Offener Brief Ehrenbürgerschaft

Die nunmehr vom Gemeinderat getroffene Entscheidung zur Ehrenbürgerschaft wirft Fragen auf, die von der FDP-Fraktion bereits gestellt wurden, aber deren Beantwortung noch aussteht.

Seit der Zeit der Aufklärung in Frankreich, verbunden mit den Namen berühmter Denker wie Rousseau und Voltaire, bemüht sich die Gesellschaft um die Gleichstellung der Menschen und besonders um die der Geschlechter. Diese Wertvorstellungen, die sich vor 325 Jahren zu bilden begannen, liegen auch unserer heutigen Demokratie zugrunde und sind im Grundgesetz manifestiert. Diesen Werten ist unsere Stadt in besonderem Maße verpflichtet, durch das enge Bekenntnis zu unserer Verfassung und durch unsere gelebte friedfertige Internationalität, nicht zuletzt auch durch die veritable Aussöhnung und Freundschaft mit der französischen Nation.

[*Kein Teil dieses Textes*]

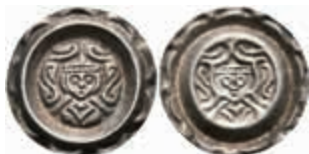
344 Schongau, Brakteat (0,75g), Konradin, 1258-1268. Brustbild des Königs umgeben von Ranken. Berger 2681, vz. 150,—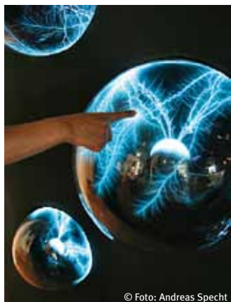
Największy w Europie plazma ball

Godziny otwarcia: Wtorek - niedziela 10-17 zegar, Od czerwca do sierpnia, a Pon 10 do 17 zegar Bezpłatne przypomnienie: 1 Niedziela miesiąca 15 zegar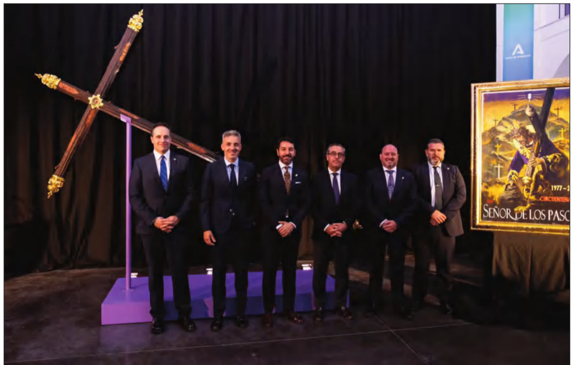
Acto de presentación de 'La Cruz del Mundo' y el cartel del 50 Aniversario de la bendición del Señor de los Pasos.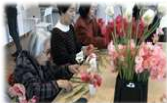
花屋さんの切り花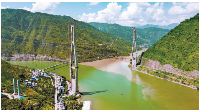
8月10日,新市金沙江特大桥主塔完成封顶。

新市金沙江特大桥作为目前四川省内同类型在建规模最大的钢桁梁斜拉桥,在建设过程中坚持“智慧”“绿色”理念,以技术创新、智能建造赋能工程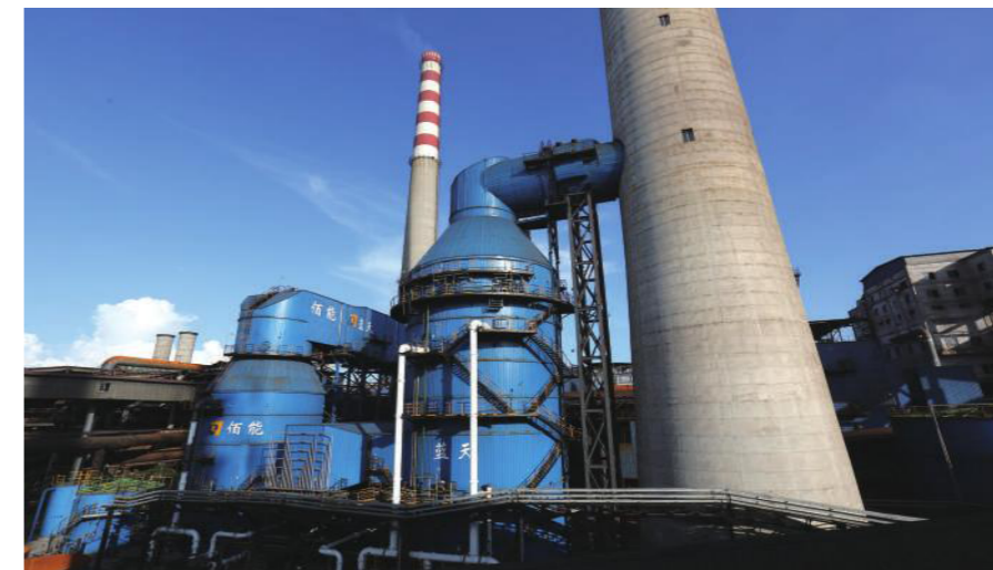
360m 2 烧结氨法脱硫系统

(5) 严格把好厂区危货车辆准入关，对危化品车辆规定行驶路线（临时准入车辆还规定行驶时间），安排路检人员日常进行重点监控，并督促和指导危化品运输单位规范车辆管理。

Vor diesem Hintergrund waren wir der Meinung, daß in der Frage der Ehrenbürgerschaft die Kriterien weitergefasst werden müssen. Unsere Entscheidungen dürfen bei den Menschen nicht den Eindruck entstehen lassen, daß Bürgermeister und Rat dem bis in die Siebziger Jahre praktizierten Patriarchat folgen. Die Entscheidung vier Männer mit unzweifelhaften Verdiensten zu Ehrenbürgern zu ernennen, ist aber zumindest unvollständig, und es wäre interessant, hierzu die Meinung der Gleichstellungsbeauftragten zu hören.

Marie von Hamilton war 1848 vor fast 180 Jahren die letzte Frau, die am 29. August zur Ehrenbürgerin ernannt wurde, zuvor Großherzogin Stephanie und Frederike von Schweden.

Hinter jedem erfolgreichen Mann steht eine starke Frau, so sagt der Volksmund, oft zu Recht. Sowohl Frau Grenke, als auch Frau Kiener sind Mitbegründerinnen ihrer Stiftungen. Sie haben das philanthropische Wirken ihrer Gatten durch ihren Einsatz mitgestaltet. Ist es dann nicht notwendig, die Frage nach der Ehrung der Frauen zu stellen, im besonderen und im Allgemeinen? Ist es nicht auch an der Zeit, karitativ tätige Menschen, die ganz besondere, außergewöhnliche und einzigartige Leistungen vollbringen, in gleichem Maße zu würdigen?